Appeal by the defendant from an order of the Supreme Court, Queens County (Rotker, J.), dated February 10, 2005, which, after a hearing to redetermine his sex offender risk level pursuant to the stipulation of settlement in Doe v Pataki (3 F Supp 2d 456 [1998]), designated him a level two sex offender pursuant to Correction Law article 6-C. Ordered that the order is affirmed.

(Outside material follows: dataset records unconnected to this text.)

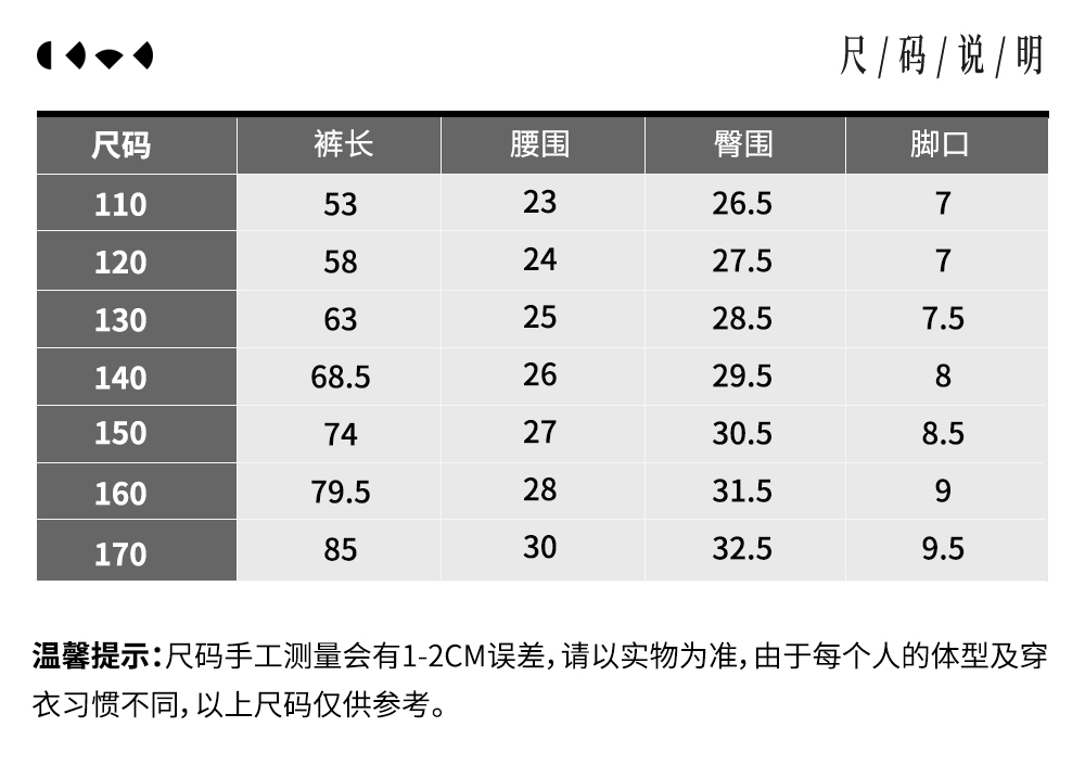 款式及尺寸:
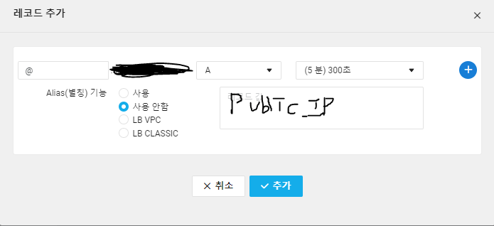 7. 그 후 global DNS 접속 후 레코드 추가 버튼 클릭 -> 아래와 같이 선택 후 레코드 값에는 퍼블릭 IP를 적고 추가 클릭->
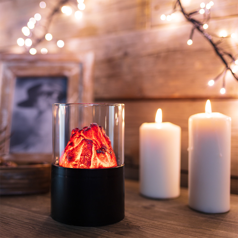 Декоративный светильник «Лава» имеет размеры 10 см в высоту и 16,5 см в диаметре. Корпус со стеклянной колбой выполнен в форме цилиндра. Внутри находится имитация горной породы, которая подсвечивается 10 диодами, создающими эффект игры огня в раскаленной лаве. Светильник работает от 3 элементов питания типа АА. Независимость от розетки позволяет разместить его в любом уголке дома. Оригинальный декор украсит интерьер, принесет ощущение тепла, уюта, разнообразит обстановку.
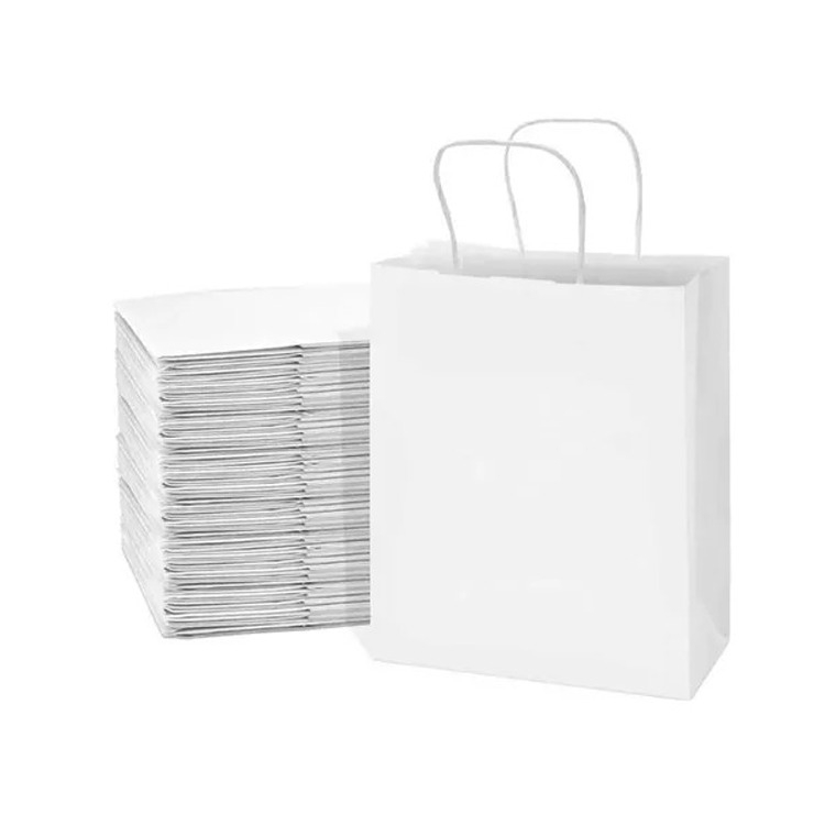 100 unidades Personalizada com sua logomarca em uma cor dos dois lados Sacola de papel branca 80gr 26.5x13x32cm Alça de Papel Torcido
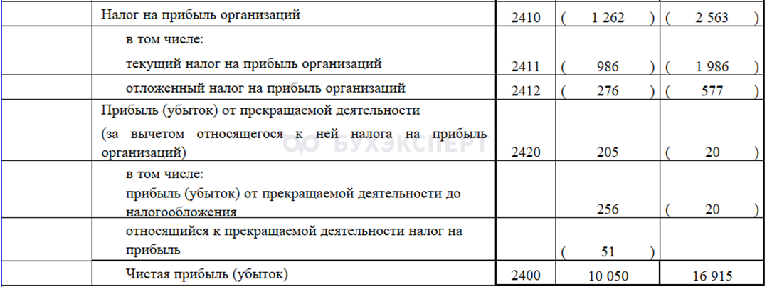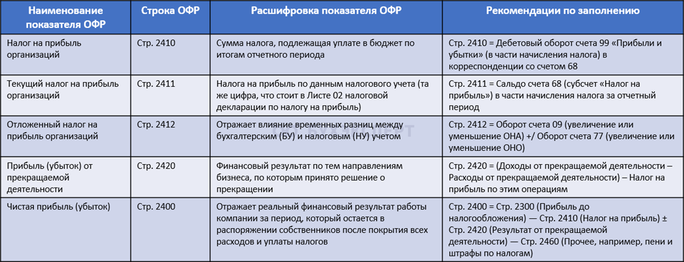 - Налоговый и итоговый блок состоит из значений: налог на прибыль (стр. 2410, 2411, 2412), чистая прибыль (убыток) (стр. 2400).
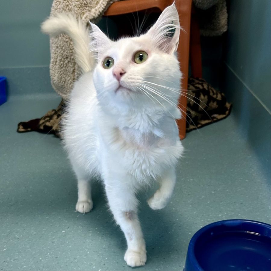 In his former life, he has lived with another cat. Consequently, he may be able to adjust to existing pets in the household, as long as proper introductions are made ensuring everyone gets along. However, he will need to be an indoor cat due to his white coat.
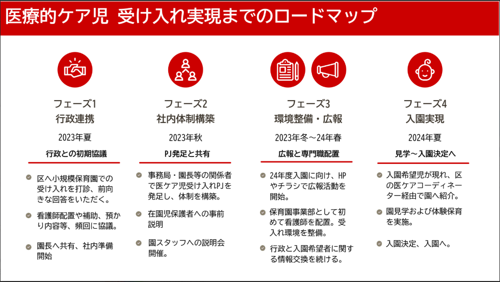 弊会からも一保育事業者として、小規模認可保育園での医療的ケア児の受け入れ実現までのロードマップについて、みらいの保育園事業部マネージャー川口よりお話ししました。
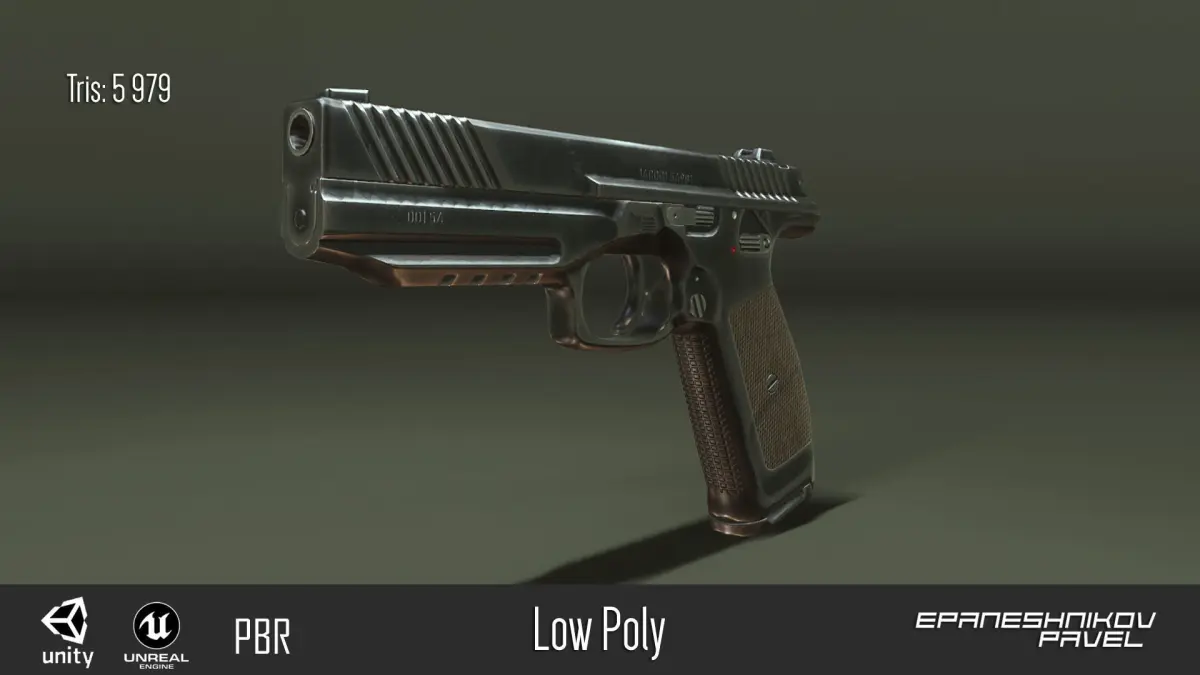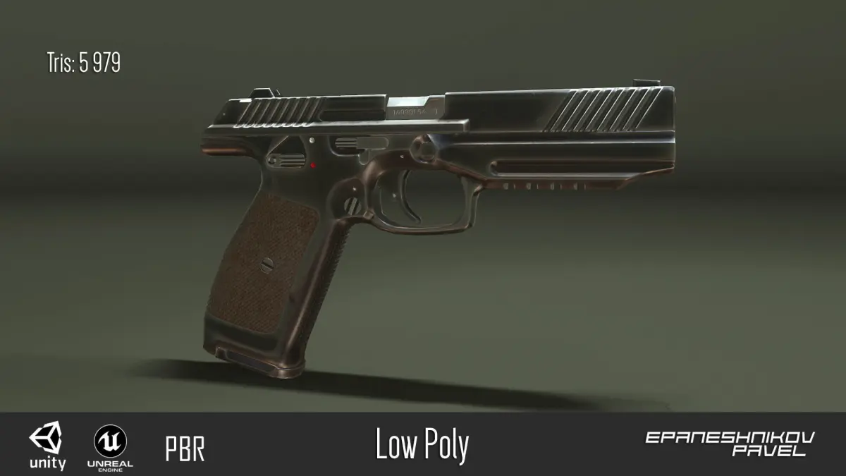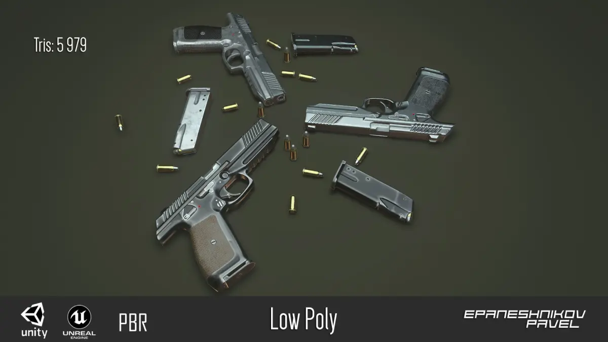 HomeCatalogpistol guns and bullets Low-poly 3D model
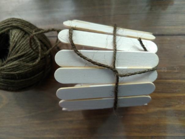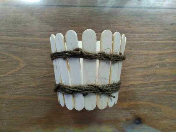 6、在杯体上侧再缠绕几圈麻绳(也可以根据自己喜好在木桶上画上图案),木桶就做好了。
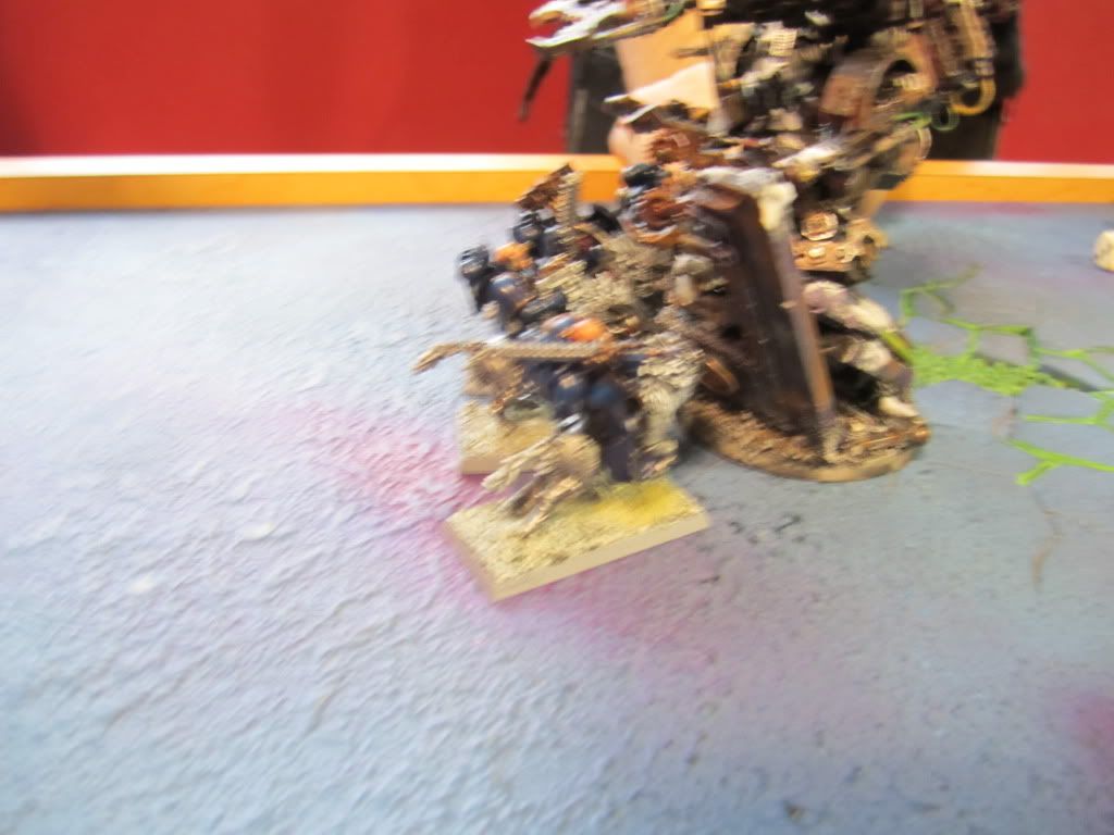 The Wolf Guard quickly became the target of much enemy fire as the Stompa, and much of the Tyranid swarm, fired into them. One by one, the Wolf Guard fell to a blistering salvo of rokkits, shells and bio-ammunition, until only one stalwart warrior remained.

At a hearing conducted pursuant to the Sex Offender Registration Act (see Correction Law art 6-C; hereinafter SORA), to redetermine the defendant’s SORA risk level pursuant to the stipulation of settlement in Doe v Pataki (3 F Supp 2d 456 [1998]), the defendant requested that the Supreme Court downwardly depart from his designation as a presumptive risk *806level two sex offender. In that respect, the defendant demonstrated, by a preponderance of the evidence, that he had not been convicted of any sex offenses in the 12 years following his release from prison, which is a mitigating factor not adequately taken into account by the SORA Risk Assessment Guidelines (see People v Deline, 104 AD3d 745 [2013], lv denied 21 NY3d 856 [2013]; People v Madison, 98 AD3d 573, 574 [2012]; People v Thompson, 34 AD3d 661, 662 [2006]; People v Abdullah, 31 AD3d 515, 516 [2006]). Nevertheless, in light of the grievous nature of the defendant’s offense and, thus, the danger he poses to society should he reoffend, the Supreme Court did not improvidently exercise its discretion in declining to downwardly depart from the presumptive risk level (see People v Deline, 104 AD3d at 745-746; People v Madison, 98 AD3d at 574; see also People v Delvalle, 100 AD3d 726 [2012]; see generally People v Wyatt, 89 AD3d 112 [2011]; Sex Offender Registration Act: Risk Assessment Guidelines and Commentary at 2 [2006]).
The defendant’s remaining contentions are unpreserved for appellate review and, in any event, without merit. Rivera, J.E, Skelos, Leventhal and Lott, JJ., concur.